Troubleshooting multiprocess communication

Fri Mar 21 17:43:37 UTC 2008

Hey all,

I'm completely sucking at finding a bug. Allow me to talk at you in 
hopes that someone knows the answer offhand.

MogileFS::Worker::Delete has the following code:

         # hit up the server and delete it
         # TODO: (optimization) use MogileFS->get_observed_state and 
don't try to
  delete things known to be down/etc
         my $sock = IO::Socket::INET->new(PeerAddr => $urlparts->[0],
                                          PeerPort => $urlparts->[1],
                                          Timeout => 2);
         unless ($sock) {
             # timeout or something, mark this device as down for now 
and move on
             $self->broadcast_host_unreachable($dev->hostid);
             $reschedule_fid->(60 * 60 * 2, "no_sock_to_hostid");
             next;
         }

(which I've now terribly pasted).

If a host times out, the deleter broadcasts to all workers that the host 
is unreachable.

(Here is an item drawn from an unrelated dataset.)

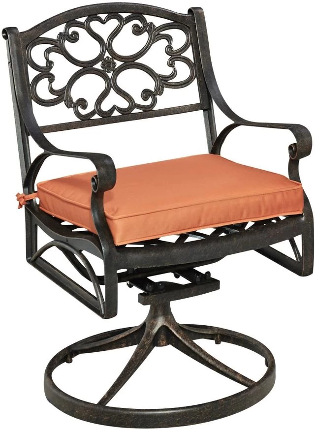 The difference between an average backyard and an open air sanctuary is found the classic comfort and traditional style that Sanibel delivers. This 5-piece dining set includes a round table and four swivel chairs with cushions, all made of cast aluminum with a powder-coated finish and a clear coat that offers total protection from the elements. The table top and seat design allows water to quickly drain through to prevent pooling or staining. The center umbrella hole includes a cap to cover it when not in use.

I think this is a little excessive, but it should be 
okay because:

MogileFS::Worker::Monitor should re-broadcast a 'reachable' state within 
the next ten seconds, if the host is actually up and the timeout was a 
fluke.

Except the delete job is never getting that message, and the procmanager 
code prevents the job monitors subsequent broadcasts from being sent to 
the deleter, since the status hasn't changed.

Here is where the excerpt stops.